Electromagnetic waves
Electromagnetic (EM) waves are transverse waves of oscillating electric and magnetic fields. They:
- Travel through a vacuum (no medium needed).
- All travel at the same speed in a vacuum: $c = 3 \times 10^8$ m/s.
- Vary across a continuous spectrum from radio to gamma.
The seven categories
In order of increasing frequency (and decreasing wavelength):
- Radio waves — longest λ (km to mm). Communication: TV, radio.
- Microwaves — mm to cm. Cooking, satellite communication, radar.
- Infrared (IR) — μm. Thermal imaging, remote controls, optical fibres.

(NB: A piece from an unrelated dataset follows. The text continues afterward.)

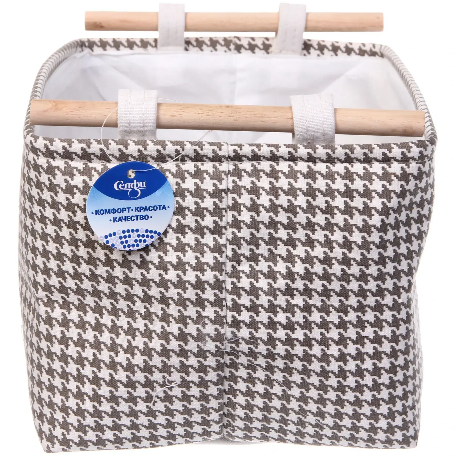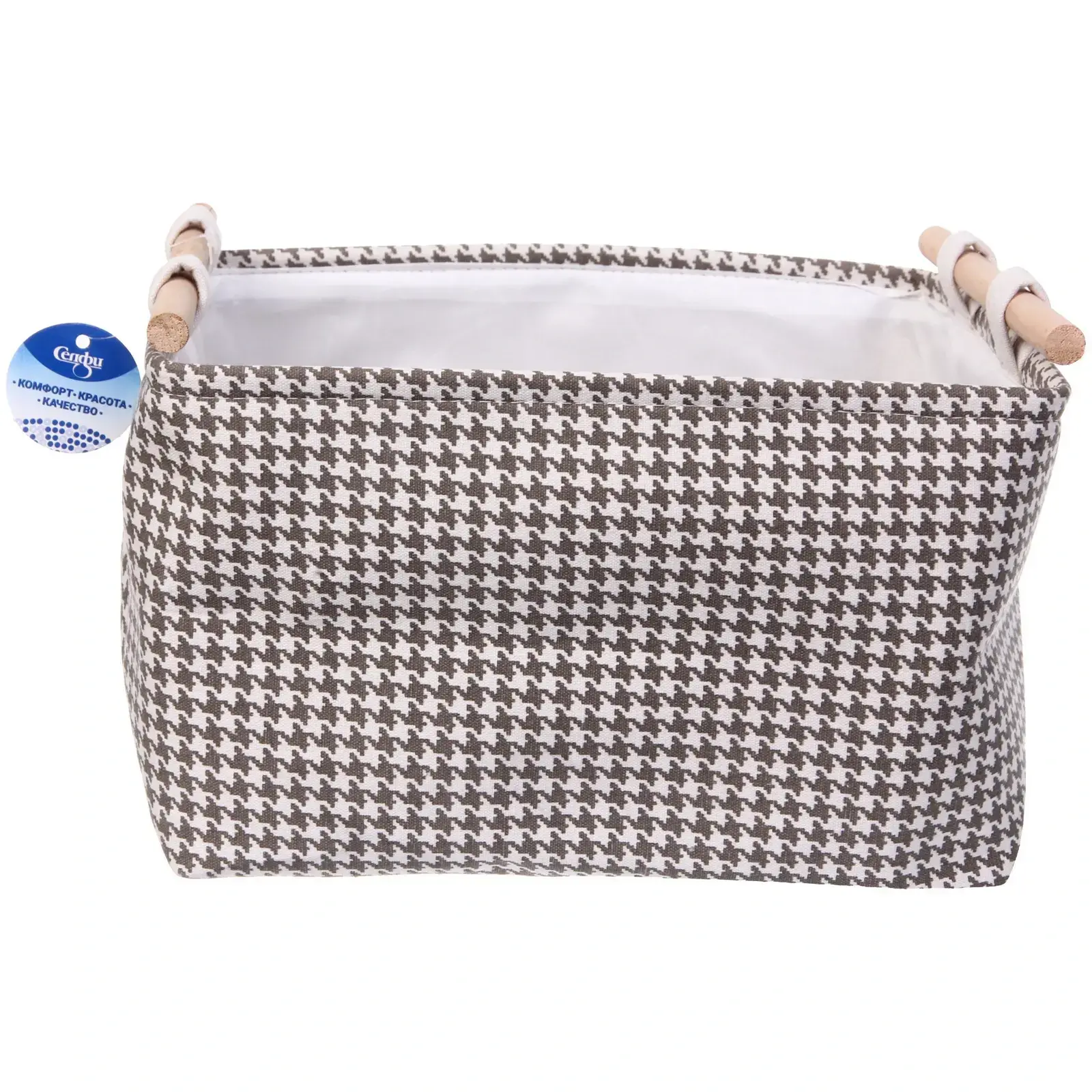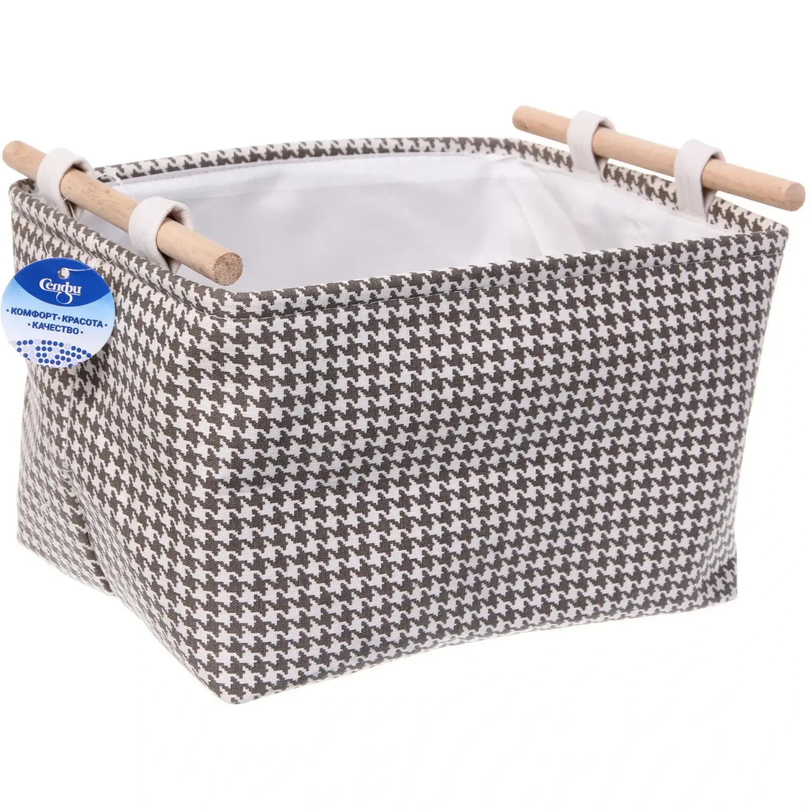 Короб изготовлен из комбинации экологичного дерева и износостойкого текстиля. Прямоугольная форма позволяет эффективно использовать пространство, а отсутствие крышки обеспечивает быстрый доступ к содержимому. Легко чистится влажной салфеткой при необходимости.

- Visible light — 400 nm (violet) to 700 nm (red). The narrow window we can see.
- Ultraviolet (UV) — sun-tan, fluorescence, sterilisation.
- X-rays — medical imaging, security scanning.
- Gamma rays — nuclear processes, cancer treatment.
A useful mnemonic: Radio, Micro, Infra, Visible, Ultra, X, Gamma.
Properties
- All EM waves are transverse — oscillating perpendicular to direction of travel.
- All travel at $c = 3 \times 10^8$ m/s in a vacuum.
- All carry energy — higher frequency = more energy per photon.
- All can be reflected, refracted, diffracted and absorbed at boundaries.
Sources
- Radio waves: oscillating currents in antennas; produced when electrons accelerate in conductors.
- Microwaves: maser cavities, magnetrons.
- IR: thermal radiation from any warm object.
- Visible: hot bodies, electron transitions.
- UV: very hot bodies (sun), fluorescent tubes.
- X-rays: rapidly decelerating electrons.
- Gamma: nuclear decay.
Hazards
Higher-energy EM (UV, X-rays, gamma) is ionising — can damage cells and DNA, causing cancer or burns. Lower-energy EM (radio, microwave) is non-ionising and lower risk, though microwaves can cause internal heating.
⚠Common mistakes
- Saying EM waves travel at different speeds in a vacuum — they don't.
- Forgetting that EM waves are transverse.
- Mixing up wavelength order — radio is longest, gamma shortest.
- Saying all EM waves are dangerous — only the high-energy end is ionising.